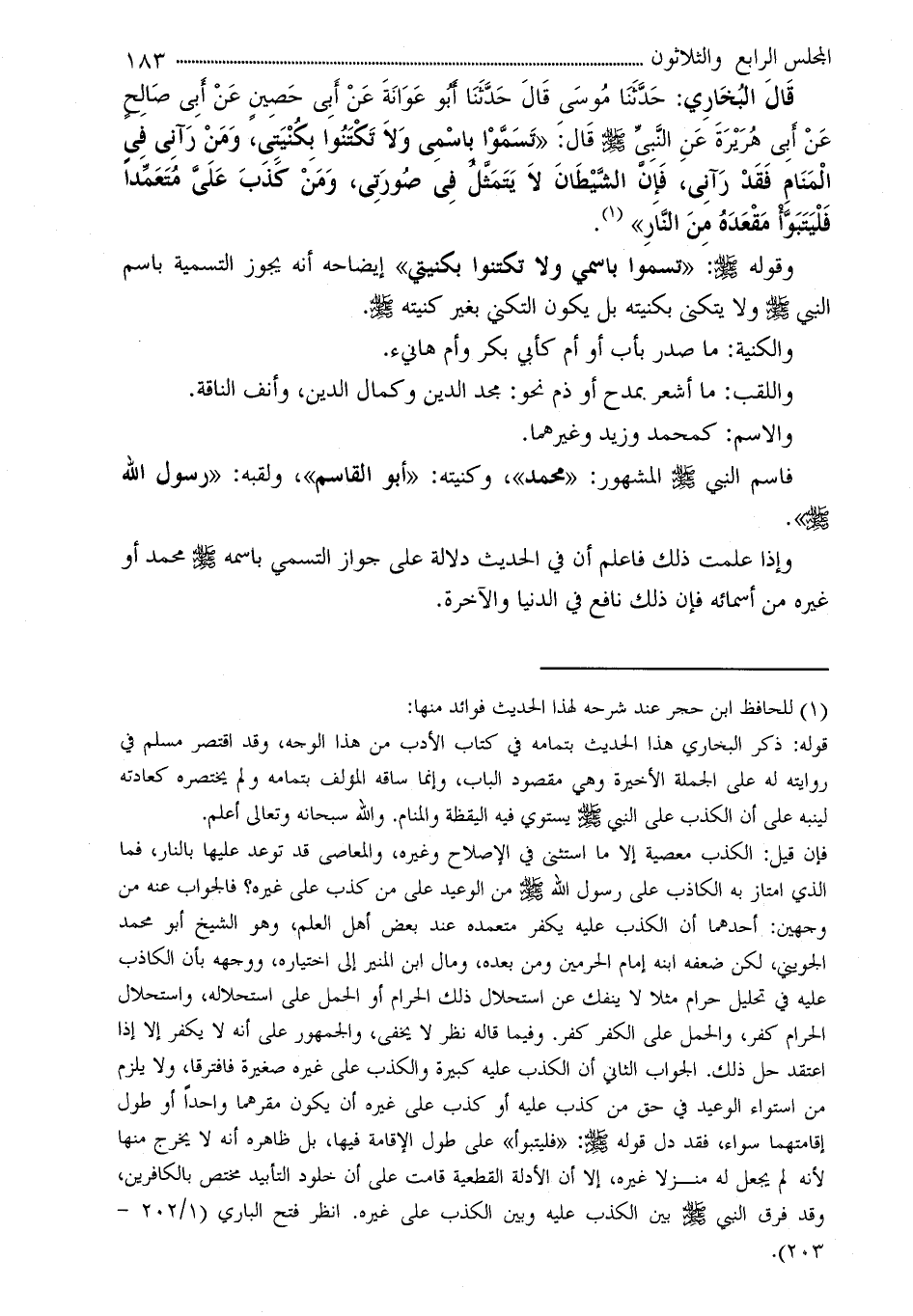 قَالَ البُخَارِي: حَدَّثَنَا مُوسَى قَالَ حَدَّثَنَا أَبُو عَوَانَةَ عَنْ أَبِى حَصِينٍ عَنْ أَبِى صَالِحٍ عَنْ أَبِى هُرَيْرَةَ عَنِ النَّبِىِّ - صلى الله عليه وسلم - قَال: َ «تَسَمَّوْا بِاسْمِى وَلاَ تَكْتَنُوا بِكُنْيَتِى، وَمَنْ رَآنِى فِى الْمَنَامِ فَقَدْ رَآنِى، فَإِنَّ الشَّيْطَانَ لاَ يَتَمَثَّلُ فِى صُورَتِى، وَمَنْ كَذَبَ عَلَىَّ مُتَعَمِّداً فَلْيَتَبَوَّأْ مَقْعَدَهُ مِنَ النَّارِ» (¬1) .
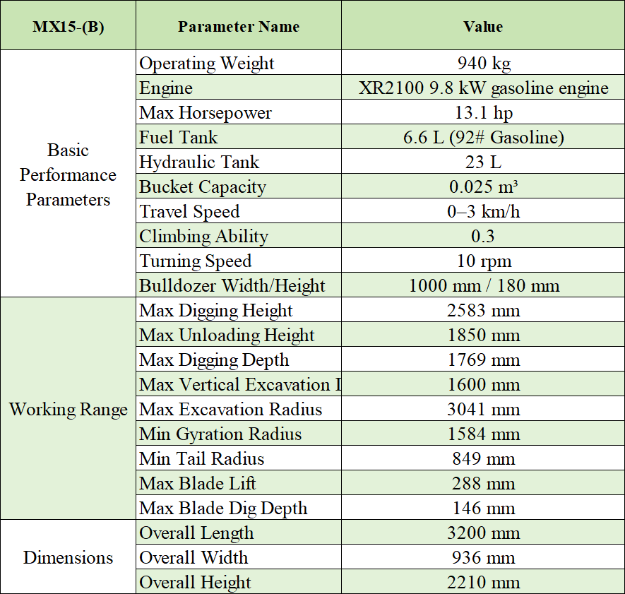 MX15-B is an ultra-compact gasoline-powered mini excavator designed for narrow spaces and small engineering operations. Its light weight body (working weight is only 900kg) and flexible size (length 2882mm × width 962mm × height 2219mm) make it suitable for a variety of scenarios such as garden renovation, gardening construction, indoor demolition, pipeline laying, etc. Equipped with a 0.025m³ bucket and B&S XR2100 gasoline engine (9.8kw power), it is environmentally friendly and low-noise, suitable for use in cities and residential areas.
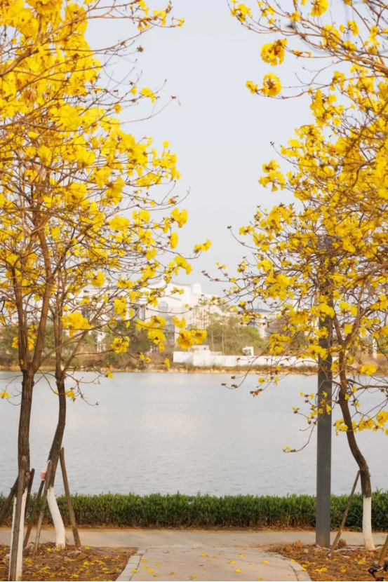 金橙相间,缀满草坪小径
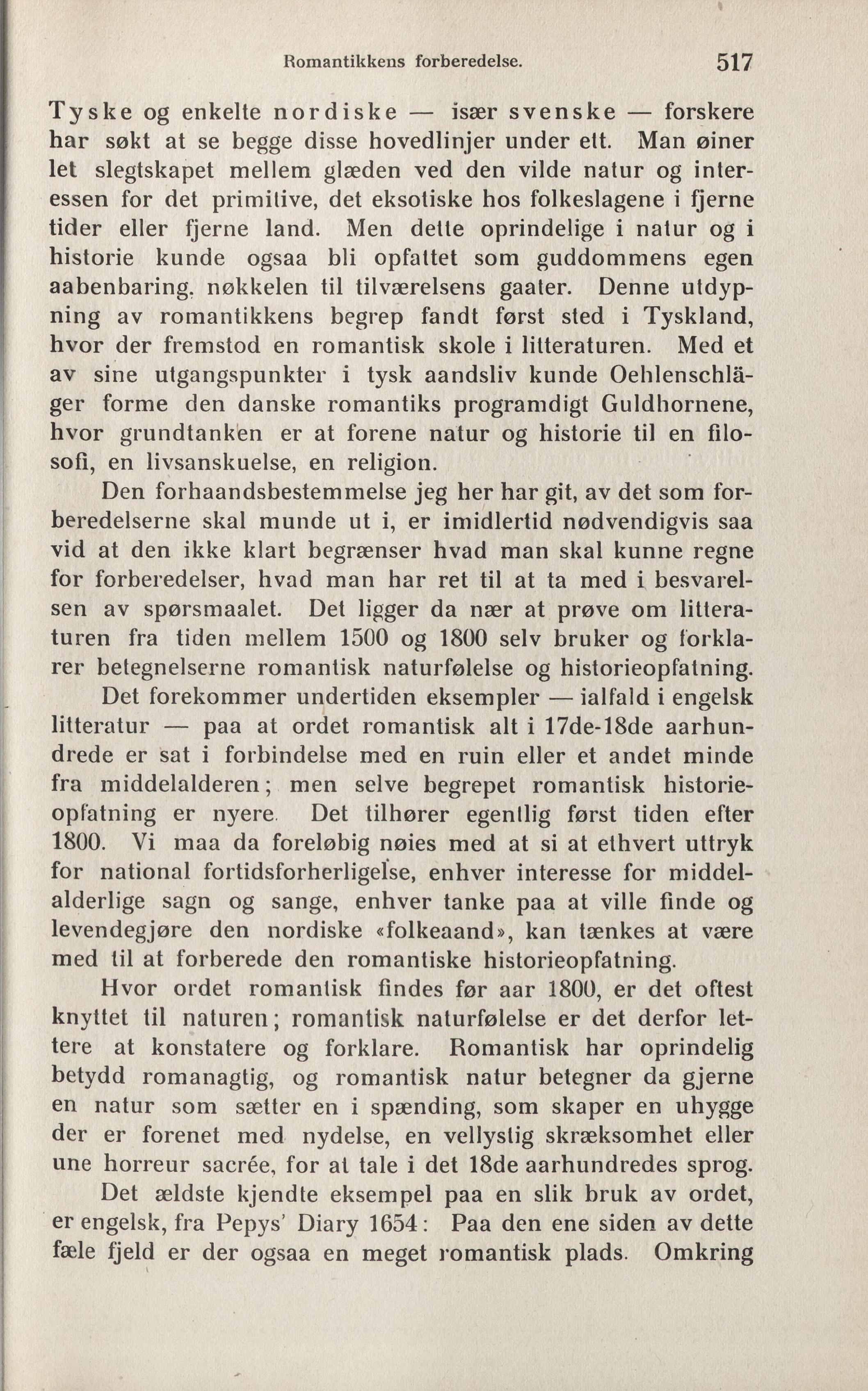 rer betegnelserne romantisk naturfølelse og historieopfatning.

• Prompt
Beginning with the line that contains "金橙相间,缀满草坪小径" and ending with the last line of the data, transcribe each line exactly; pictures stay out.

• Written reply
 金橙相间,缀满草坪小径
 rer betegnelserne romantisk naturfølelse og historieopfatning.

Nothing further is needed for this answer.